§ **Problem to work on**
Each record below should be output verbatim, without pictures.
-=-=-=-=-
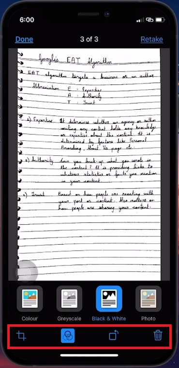 Automatic Capture: The iPhone's camera is designed to automatically detect and capture the document when it is properly aligned. This feature is perfect for quick scans without the need to adjust settings.
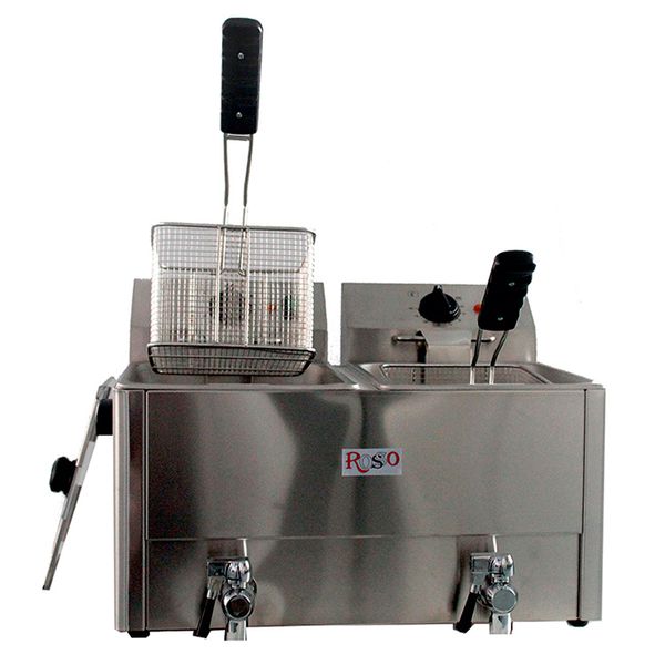 Настольная фритюрница Rosso HDF8+8 используется в заведениях быстрого питания, кафе и ресторанах для приготовления широкого спектра блюд в большом количестве горячего масла.
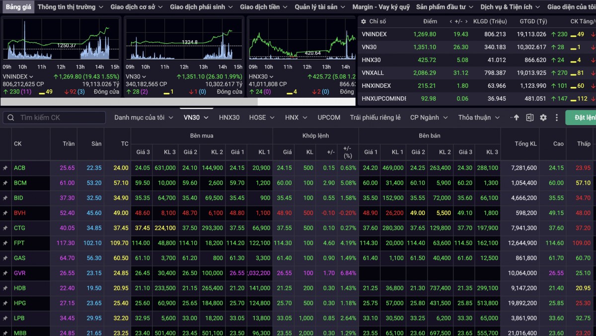 Kết thúc phiên giao dịch 8/5, VN-Index tăng 19,43 điểm, lên mức 1.269,8 điểm. Độ rộng thị trường cũng tích cực khi sắc xanh chiếm ưu thế. Thống kê trên sàn HOSE, hôm nay có 230 mã tăng, có 49 mã giữ giá tham chiếu và 92 mã giảm giá. Trong khi VN30 cũng tăng mạnh 26,30 điểm, lên mức 1.351,1 điểm với 28 mã tăng, 1 mã giữ giá tham chiếu và 1 mã giảm giá.
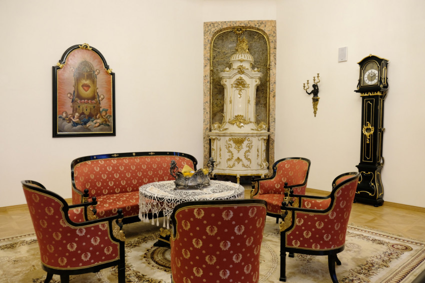 A palota állandó kiállításrészének első állomása egy sekrestye, pontosabban püspöki liturgikus ruhatár. Igazi különlegessége a 18. század elejéről egy festett, bőr miseruha. A dolgozószobát a székesegyház látványos, méretarányos makettje uralja. Mellette, a másik tárlóban a Pyrker által Egerbe hívott olasz szobrász, Marco Casagrande carrarai márványba faragott Keresztelő Szent Jánosa foglal helyet. A kihúzható fiókokban a bazilika építészeti dokumentációin túl közelebbről megvizsgálható Wolfgang Amadeus Mozart 1787-es – az egri Főegyházmegyei Könyvtárban őrzött – levelének fakszimiléje és Mikes Kelemen törökországi levelének reprintje. A kincstári darabokat felsorakoztató szoba közepén, az óriási üvegtetős asztalon egy tizennyolc kilós, arany és ezüst szálakkal kivarrt palást lett kiterítve. Mária Terézia ajándéka Erdődy Gábornak. A püspök vezette ugyanis a királynő pozsonyi koronázási menetét a Szent Márton-dómba. E reprezentatív ünnepi öltözetet a koronázáson viselt ruhájának anyagából készíttette el a hálás uralkodónő.
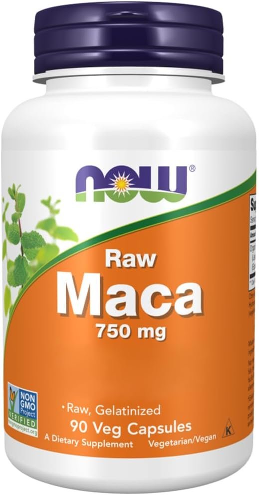 Now Foods, Raw Maca, 750mg, Maca Root, Lepidium meyenii, 90 Vegan Capsules, Lab-Tested, Soy Free, Vegetarian, Gluten Free, Non GMO
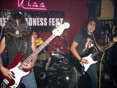 Luis (voz y guitarra), Lucas (bajo) y Guille (batería) estuvieron alrededor de media hora descargando con intensidad, sonando a una mezcla de Heavy / Thrash Metal con ramalazos de Punk-Rock / Hardcore, revolucionándose parte del público realizando pogos en el pequeño habitáculo Haciéndome gracia tres féminas, de pequeña estatura, próximas a nosotros, que huían o se resguardaban cuando parte de la peña comenzaba a danzar cerca del escenario.
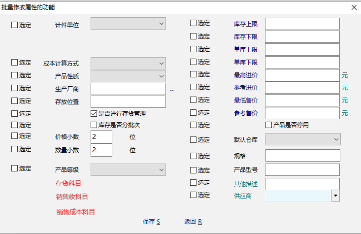 能否在产品资料右键批量修改中增加“存货科目代码”、“销售收科目代码”和“销售成本科目”代码三个选项?
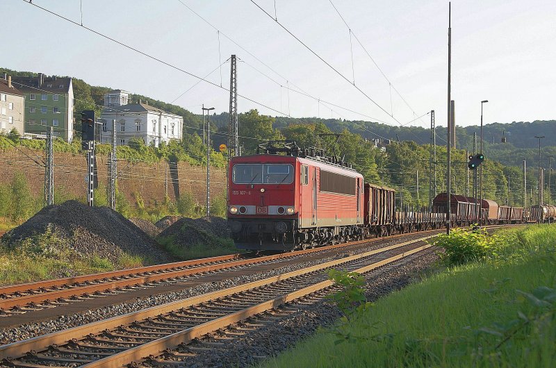 155 107 mit einem langen Güterzug auf der Fahrt von Gremberg nach Hagen Vorhalle am 19.08.2009 in Wuppertal Steinbeck. Auf dieser steigungsreichen Strecke sind die Triebfahrzeuge der Baureihe 155 einige der wenigen Baureihen, die derart hohe Lasten in Einzeltraktion befördern können.
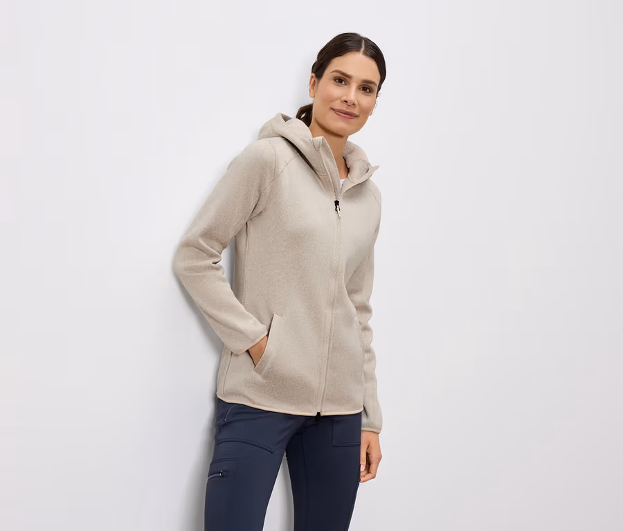 Bunda z pleteného fleecu s kapucí, krémová bílá
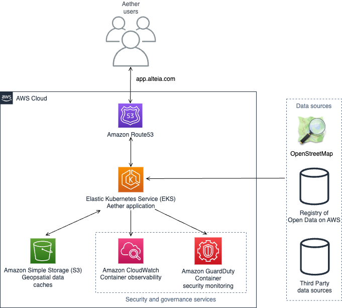 Alteia developed a microservices architecture utilizing Amazon EKS, a managed Kubernetes cluster solution. This application seamlessly integrates data from third-party sources and Amazon S3 to enable storage of large geospatial datasets and faster analysis through efficient data access. Alteia provides the security and observability of their platform using Amazon GuardDuty for threat detection and Amazon CloudWatch for monitoring and logging.
-=-=-=-=-
§ **Solution to this problem**
 Automatic Capture: The iPhone's camera is designed to automatically detect and capture the document when it is properly aligned. This feature is perfect for quick scans without the need to adjust settings.
 Настольная фритюрница Rosso HDF8+8 используется в заведениях быстрого питания, кафе и ресторанах для приготовления широкого спектра блюд в большом количестве горячего масла.
 Kết thúc phiên giao dịch 8/5, VN-Index tăng 19,43 điểm, lên mức 1.269,8 điểm. Độ rộng thị trường cũng tích cực khi sắc xanh chiếm ưu thế. Thống kê trên sàn HOSE, hôm nay có 230 mã tăng, có 49 mã giữ giá tham chiếu và 92 mã giảm giá. Trong khi VN30 cũng tăng mạnh 26,30 điểm, lên mức 1.351,1 điểm với 28 mã tăng, 1 mã giữ giá tham chiếu và 1 mã giảm giá.
 A palota állandó kiállításrészének első állomása egy sekrestye, pontosabban püspöki liturgikus ruhatár. Igazi különlegessége a 18. század elejéről egy festett, bőr miseruha. A dolgozószobát a székesegyház látványos, méretarányos makettje uralja. Mellette, a másik tárlóban a Pyrker által Egerbe hívott olasz szobrász, Marco Casagrande carrarai márványba faragott Keresztelő Szent Jánosa foglal helyet. A kihúzható fiókokban a bazilika építészeti dokumentációin túl közelebbről megvizsgálható Wolfgang Amadeus Mozart 1787-es – az egri Főegyházmegyei Könyvtárban őrzött – levelének fakszimiléje és Mikes Kelemen törökországi levelének reprintje. A kincstári darabokat felsorakoztató szoba közepén, az óriási üvegtetős asztalon egy tizennyolc kilós, arany és ezüst szálakkal kivarrt palást lett kiterítve. Mária Terézia ajándéka Erdődy Gábornak. A püspök vezette ugyanis a királynő pozsonyi koronázási menetét a Szent Márton-dómba. E reprezentatív ünnepi öltözetet a koronázáson viselt ruhájának anyagából készíttette el a hálás uralkodónő.
 Now Foods, Raw Maca, 750mg, Maca Root, Lepidium meyenii, 90 Vegan Capsules, Lab-Tested, Soy Free, Vegetarian, Gluten Free, Non GMO
 Luis (voz y guitarra), Lucas (bajo) y Guille (batería) estuvieron alrededor de media hora descargando con intensidad, sonando a una mezcla de Heavy / Thrash Metal con ramalazos de Punk-Rock / Hardcore, revolucionándose parte del público realizando pogos en el pequeño habitáculo Haciéndome gracia tres féminas, de pequeña estatura, próximas a nosotros, que huían o se resguardaban cuando parte de la peña comenzaba a danzar cerca del escenario.
 能否在产品资料右键批量修改中增加“存货科目代码”、“销售收科目代码”和“销售成本科目”代码三个选项?
 155 107 mit einem langen Güterzug auf der Fahrt von Gremberg nach Hagen Vorhalle am 19.08.2009 in Wuppertal Steinbeck. Auf dieser steigungsreichen Strecke sind die Triebfahrzeuge der Baureihe 155 einige der wenigen Baureihen, die derart hohe Lasten in Einzeltraktion befördern können.
 Bunda z pleteného fleecu s kapucí, krémová bílá
 Alteia developed a microservices architecture utilizing Amazon EKS, a managed Kubernetes cluster solution. This application seamlessly integrates data from third-party sources and Amazon S3 to enable storage of large geospatial datasets and faster analysis through efficient data access. Alteia provides the security and observability of their platform using Amazon GuardDuty for threat detection and Amazon CloudWatch for monitoring and logging.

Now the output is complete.